Siła tkwi w dodatkach
Istotne są także skrawki metalowych konstrukcji bądź pozostałości po starych maszynach, które dodadzą miejscu specyficznej atmosfery, spotęgowanej chłodną kolorystyką. Mile widziane są też przeszklenia oraz designerskie wyposażenie od nowoczesnych projektantów uzupełnione o przedmioty z odzysku. Mimo rosnącego zainteresowania takim stylem, liczba miejsc na organizację wesel utrzymanych w tej konwencji wciąż nie jest wystarczająco duża. Najwięcej tego typu obiektów można odnaleźć w miastach poprzemysłowych, takich jak np. Łódź.
By przełamać surowy i dosyć ascetyczny wizerunek, salę warto ozdobić dobranymi z umiarem dekoracjami, najlepiej wykonanymi z drewna lub metalu.
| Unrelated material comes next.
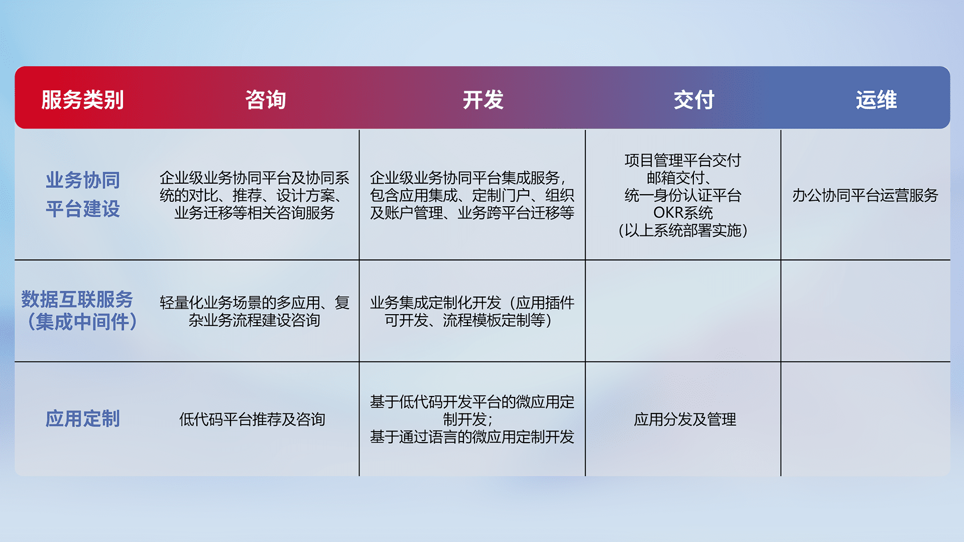 针对钉钉、、、、企微、、、IDaas等平台级产品提供产品的规划、、、方案、、交付、、定制化开发等服务,,,实现如统一协同办公、、、智能客户服务、、、、混合会议管理、、、、智能数据查询、、等业务场景,,实现数字化转型。。。。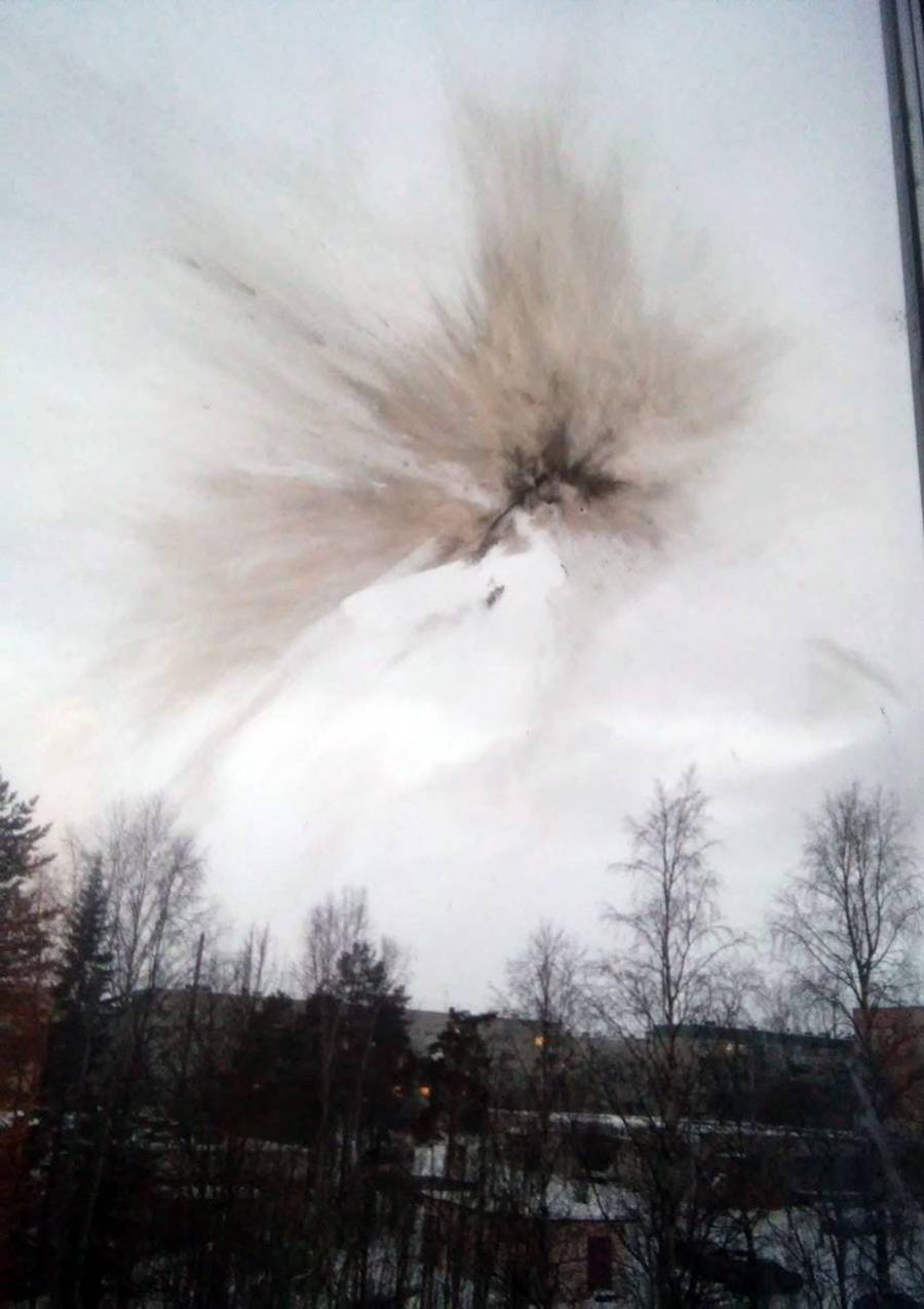 Разбитые стеклопакеты после попадания в них сигнальной ракеты

W roli dodatków doskonale sprawdzą się również świece, które ocieplą wnętrze, oraz żywe kwiaty.
Ich wygląd można podkręcić jednym prostym zabiegiem, mianowicie owijając łodygi cienkim, stalowym drutem. Oryginalnym akcentem będą też pierwsze litery imion nowożeńców uformowane z metalowych części i oplecione światełkami.